Dilemma (Warning: Long Post Ahead)

My sixth graders completed an assignment this week and I'm grading their work this weekend.

The work I received, I should say. Two-thirds of the classes didn't complete the work over the span of two classes--mostly because they were messing around and chatting too much with classmates--and they were supposed to take the work home, finish it, and return it to me the next day. I even was merciful and granted an extra day to the kids who were absent or missed class because they went to the gifted program. Yesterday, I sent 17 e-mails to parents of students who owed me work. I'm not a vindictive person, but it's now mid-May and if these kids are going to blow my class off, then I'm going to ruin their weekend (long weekend, I might add, because there's a faculty in-service on Monday). Four parents already got back to me because it was their work e-mail or they have iPhones/Blackberries. God bless 'em.

Now, those already have points taken off for lateness. Let's put those aside for a moment.

The assignment was. . .

1. Look up a news article or two about a current event I specified. (We discussed the websites/databases we agreed were good sources, and each selected one he/she wanted to use.)

2. Read the article and take notes/highlight it.

3. Write a one-paragraph (about 5 sentences) report. Cite any quotes or paraphrases in the body of the paragraph using parentheses. They know how to do citations because I taught them for their history papers.

4. Do a bibliography (a.k.a. "Works Cited") page. They just completed an assignment about it, and did really well explaining how to do it.

Or so I thought.

I skimmed the papers I started receiving last week, and numbers 3 and 4 are done, for the most part, poorly. I can see by the writing that they either copied the author's words or changed just a couple of them. No citations, no bibliography--maybe a note on the article's title and author at the foot of the page if I'm lucky.

By rights, I should fail them for plagiarism. If they'd all done it wrong, then I'd know it was my fault. But we went over this a million times. They did great on their bibliography assignment. On top of that, one (one!) student did it exactly right, so I know somebody learned something.

SIGH.

I think what I'm going to do is grade them, as fairly as possible (failing them for plagiarism aside), and see how bad the grades turn out to be.

The question is, do I want to make them rewrite them in class and throw out the awesome Boolean lesson (a candy bar database plus this) I had planned--and on top of that delay grading because I don't even see my Monday class this week?

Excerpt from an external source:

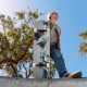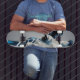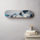 Die Hälfte einer blauen und grauen Giraffe wurde auf einem Skateboard gedruckt.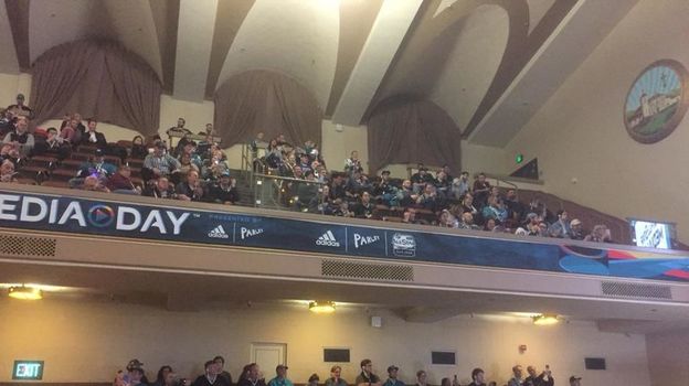 ...22 года спустя все будет совсем иначе. Журналистов и игроков приведут в концертный зал нарядного исторического здания Гражданского центра Сан-Хосе, построенного в 1934 году. Колонны, арки, купол, красивые фонари — как-то все по-европейски, а не по-американски. А внутри — два яруса трибун, сцена, а в партере — начищенный до полярного блеска, словно целой ротой солдат советской армии, паркет. И на нем — media day, проходящий… в присутствии болельщиков!

Or do I just do a review at the beginning of class, offer them the opportunity to do another one on their own for extra credit (being available to help at lunchtime as is what I do pretty much every day), and move on with the planned lesson?

The kicker: I have three classes left with my classes that meet on Tuesday, and only one with my class that meets on Monday. UGH.

I know many of them don't think "special" classes that meet once a week count for anything. I know we had a lot of time taken away from the class because of show rehearsals in February and March, and then Easter vacation (extended for some so they missed even more).

Is it wrong to hope that at the end of the year, they are able to say that they really learned something that they are going to use for pretty much the rest of their lives?


Comments

Rob said…
I don't understand that. I waited until the last minute to do my assignments more than I can remember but I always did them. Teachers then would never have considered extending a deadline. They're not just wasting your time, they're wasting their own. Take comfort that the ones doing it right will learn something and the others will regret this some day. Even if you don't hand out punishment, life will.
Kate P said…
Rob--being new to teaching and all, I just keep thinking I have FAILED in some way. I don't know if I'm expecting too much of them or what. I mean, it is an accelerated learning environment, but it's 6th grade.
"Even if you don't hand out punishment, life will." True enough. I'm just afraid of the Angry Parent phone calls about their grades.
I'm a Catholic librarian [almost], too.

I agree with Rob. When we were in school, teachers would NEVER extend a deadline because kids weren't applying themselves. Personally, I'd say fail the plagiarists, but I'm a meanie....it would get them ready for college, though.
Kate P said…
Right. . . but education is a different place nowadays, for better AND for worse. Not to mention once again: Angry Parent phone calls. 6th grade kids need G's (Good, probably the equivalent of C+/B-) and above to get into Jr. Honor Society.

I probably could run their stuff through TurnItIn.com and scare the living daylights out of them.
Pammy pam said…
here's an idea: run it thru turnitin and show them what's up with that. THEN grade them nicely. a gift. give them opportunity to do extra credit. that way, you cover all your bases. Don't fail them. all of you will feel crappy.
Dave E. said…
Yay! Blogger is letting me comment.

My two cents is that you will send the wrong message if you don't address the plagiarism somehow. Give them a chance to learn from it, but say you can't accept it. What parent has a leg to stand on by supporting plagiarism?

Overall? I would give them all a chance to redo it but only if they brought me a bottle of beer to compensate me for the extra grading time. This is why they don't let me teach.
Fresh Garden said…
Vigorously nodding my head in agreement!